I don't mean to completely re-shuffle how you do these things, as we all have things that work for us. So take what I will say below as suggestions that may work, at least based on the information you provided.

A general suggestion: try running your reconstructions for 1-2 million generations, as it should be obvious even at that point whether they are converging or not. If they are, you can always restart the run and go to 5 million. If not, you are not wasting time and can move on to the next set of parameters. I usually look at ASDSF at about 250-300 thousand generations, and I will kill the run and start a new reconstruction if it is >0.1. If your alignment is small and runs are quick, you may want to wait until 0.5 million generations. If at that point ASDSF >0.1, it is almost a guarantee that something is wrong with the parameters and the convergence to ASDSF < 0.01 either won't happen or it will take forever.

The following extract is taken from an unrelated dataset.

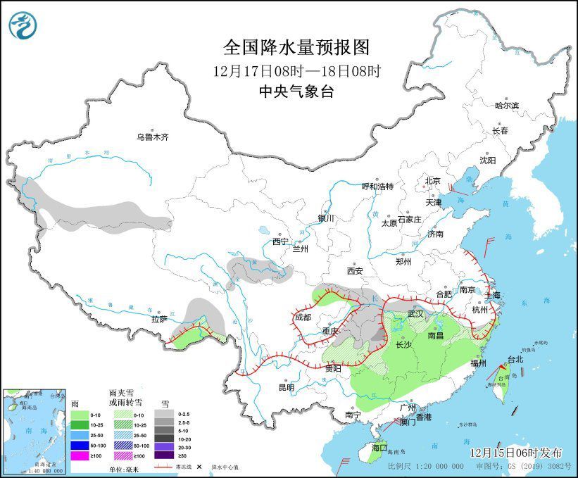 12月17日08時(shí)至18日08時(shí),新疆南疆盆地、西藏北部和東南部、青海南部、江漢、湖南北部和西部、江西北部、浙江南部、川西高原北部、重慶東北部、西南地區(qū)東南部等地部分地區(qū)有小到中雪或雨夾雪。湖南東部和南部、江西大部、福建大部、四川盆地北部、廣西東部、廣東西北部、海南島東北部、臺(tái)灣島大部等地部分地區(qū)有小雨。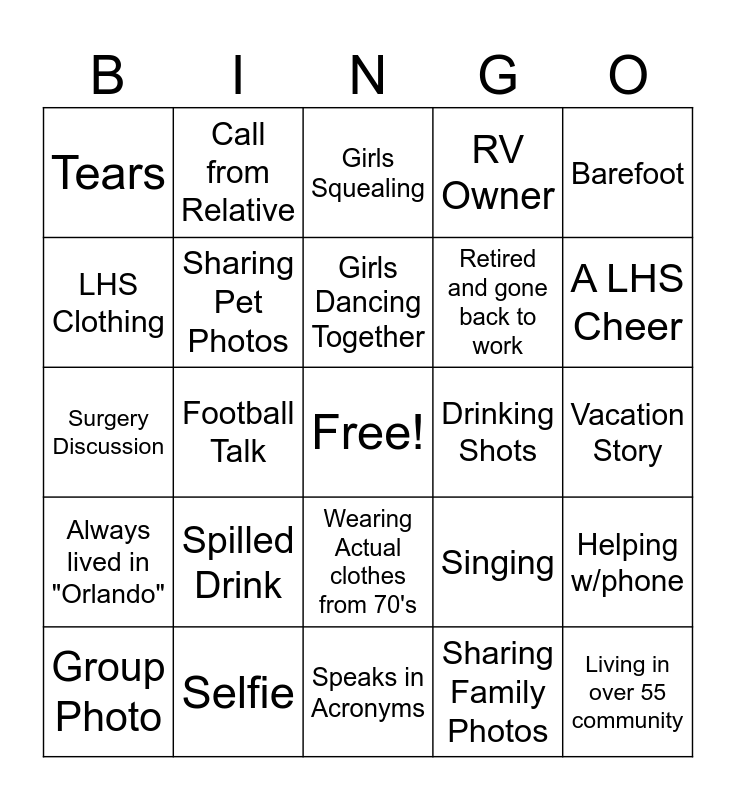 This bingo card has a free space and 24 words: Spilled Drink, Selfie, Girls Dancing Together, Group Photo, Barefoot, Tears, LHS Clothing, Call from Relative, Drinking Shots, Wearing Actual clothes from 70's, Retired and gone back to work, Surgery Discussion, Singing, Helping w/phone, Sharing Pet Photos, Sharing Family Photos, Vacation Story, Girls Squealing, A LHS Cheer, Football Talk, Living in over 55 community, Always lived in "Orlando", RV Owner and Speaks in Acronyms.

I think the problem could be with your very low burn-in fraction is sumt and sump commands. You have only 0.1% of data thrown out, which is not nearly enough. Early on during the sampling the chains are all over the place and nowhere near convergence, which is why there is a burn-in in the first place. Without throwing out a good chunk of early data (10-25%), it would very difficult, if not impossible, to get good statistics.

In your mcmc command you don't specify the burn-in, which should default to relburnin=yes burninfrac=0.25. It wouldn't actually hurt to specify these values on the mcmc line, just to be sure. That means that during the MCMC run the statistics are calculated by throwing away the first quarter of all your generations, while at the summarization stage only 0.1% of data is thrown out. So even if you had good statistics during the MCMC run, that would not necessarily be reflected in your run summary, or the final tree, because not enough of early faulty data has been thrown out.

I suggest you add relburnin=yes burninfrac=0.25 to your mcmc command. At the very least I think the burn-in fraction should be 0.1 (10% data). Whatever number you use with burninfrac, the same number should be in sumt and sump commands if you want to get a tree that matches your MCMC run summary.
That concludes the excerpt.